There are N dominoes arranged in a straight line. For each domino you know its coordinate, an integer value. It is guaranteed all the coordinates are distinct. You have another set of K dominoes. You should place these dominoes at integer coordinates in a way that will preserve the property that all the coordinates are distinct.

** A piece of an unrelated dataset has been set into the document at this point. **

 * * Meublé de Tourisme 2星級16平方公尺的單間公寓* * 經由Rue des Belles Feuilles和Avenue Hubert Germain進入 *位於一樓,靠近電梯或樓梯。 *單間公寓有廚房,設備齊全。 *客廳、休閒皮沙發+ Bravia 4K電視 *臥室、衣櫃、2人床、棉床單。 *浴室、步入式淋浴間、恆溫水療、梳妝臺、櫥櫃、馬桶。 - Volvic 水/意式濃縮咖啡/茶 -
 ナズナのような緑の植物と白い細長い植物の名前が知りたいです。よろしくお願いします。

You want to maximize the size of a subset of dominoes that are placed at consecutive coordinates.

Standard input

The first line contains two integer values N and K.

The second line contains N integer values, the coordinates of the initial dominoes.

Standard output

The output should contains a single value representing the size of the maximum subset of dominoes that can have consecutive coordinates.

Constraints and notes

• 1 ≤ N ≤ 100 000
• 1 ≤ K ≤ 100 000
• The coordinates of the dominoes are between 1 and 1 000 000

Input	Output	Explanation
8 4 1 2 3 4 10 11 14 15	8	It is optimal to place the dominoes at coordinates 12, 13, 16 and 17.

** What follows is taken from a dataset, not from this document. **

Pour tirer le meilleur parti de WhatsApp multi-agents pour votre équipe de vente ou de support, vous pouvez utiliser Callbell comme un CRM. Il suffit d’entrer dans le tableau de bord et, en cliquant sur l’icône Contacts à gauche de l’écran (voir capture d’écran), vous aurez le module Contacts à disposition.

===========================EDITORIAL==================================

I DID THIS PROBLEM WITH SIMPLE SLIDING CONCEPT ..

FIRST OF ALL SORT THE NUMBERS , THAN  FIRST CALCULATE MAXIMUM  LENGTH IF START FORM THE FIRST NUMBER , NOW ONE OBSERVATION IS THAT IF WE START FORM INDEX 0 ANT WE CAN MAKE A CONTINUOUS NUMBER TILL INDEX 3( IN K OPERATIONS) THAN IF WE START FORM INDEX 1 THAN AT LEAST WE WILL REACH TILL INDEX 3 ( IN K OPERATIONS)..

   WITH THE HELP OF THIS PROPERTY WE CAN SOLVE THIS PROBLEM USING SLIDING WINDOW..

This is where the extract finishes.